About a month ago I checked one of my remaining bucket list points: Implement a Lisp.
I've been using Common Lisp for years, and thought that I understood Lisp. However, my implementation experionce showed that I only thought I understood Lisp. I mean I was a pretty effective coder. And few years back I went through 'Let Over Lambda' and became quite proficient at the macro magic. But as Common Lisp is a compiler, in the end, coding in Lisp is not entirely dissimilar to coding in C - plus the interactiveness plus a better macro subsystem.

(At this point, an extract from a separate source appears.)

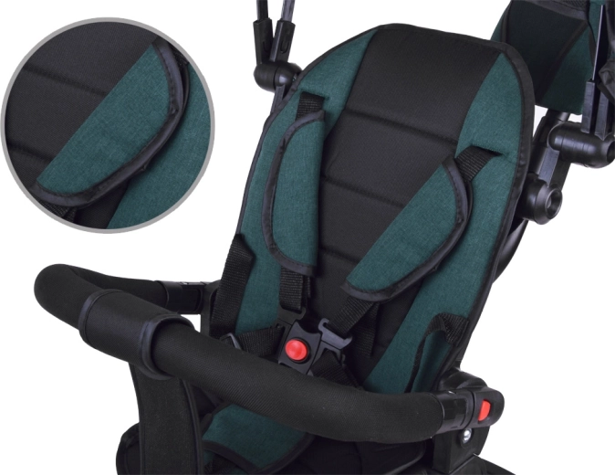 Este triciclo multifuncional 3 en 1 combina carrito, correpasillos y triciclo clásico. Gracias al asiento giratorio e inclinable, la funda suave y el arnés de 5 puntos, el viaje es cómodo y seguro para los pequeños exploradores. La capota plegable con malla de ventilación protege del sol, el viento y la llovizna.

So as I dove into the implementation of a classic Lisp interpreter, I realized that when you are _not_ compiling, things are different. When you are interpreting anyway, there is a very low cost to treating code as data. You can manipulate code as much as you want prior to evaluation - the interpreter does not care! You can delay evaluating arguments and use full fexprs instead of macros - fexprs were eliminated because they made compilation impossible... You can invoke the evaluator anytime you want.
Classic McCarthian Lisp features very flexible lambda lists. A lambda-list may be a normal list (in which case arguments are bound as expected), a dotted list (where the paramter after the dot picks up all remaining arguments in a list), or it could be a single variable (not a list) which picks up all the arguments.
The bindings created by evaluating the lambda-list are likewise flexible. It is possible to splice lists by assigning a bound varibla that is a list, using the dot syntax. For instance you can extend a list like this:
>((lambda expr (list + 1 2 . expr)) 10 11) (+ 1 2 10 11)
This demonstrates 1) the lambda-list consisting of a variable that binds anything passed to it after evaluation and 2) the ability of the system to splice the evaluated expression to the end of a list...
Between the two, it is possible to build higher order functions:
>((lambda (f . expr)(lambda args (f . expr))) + 7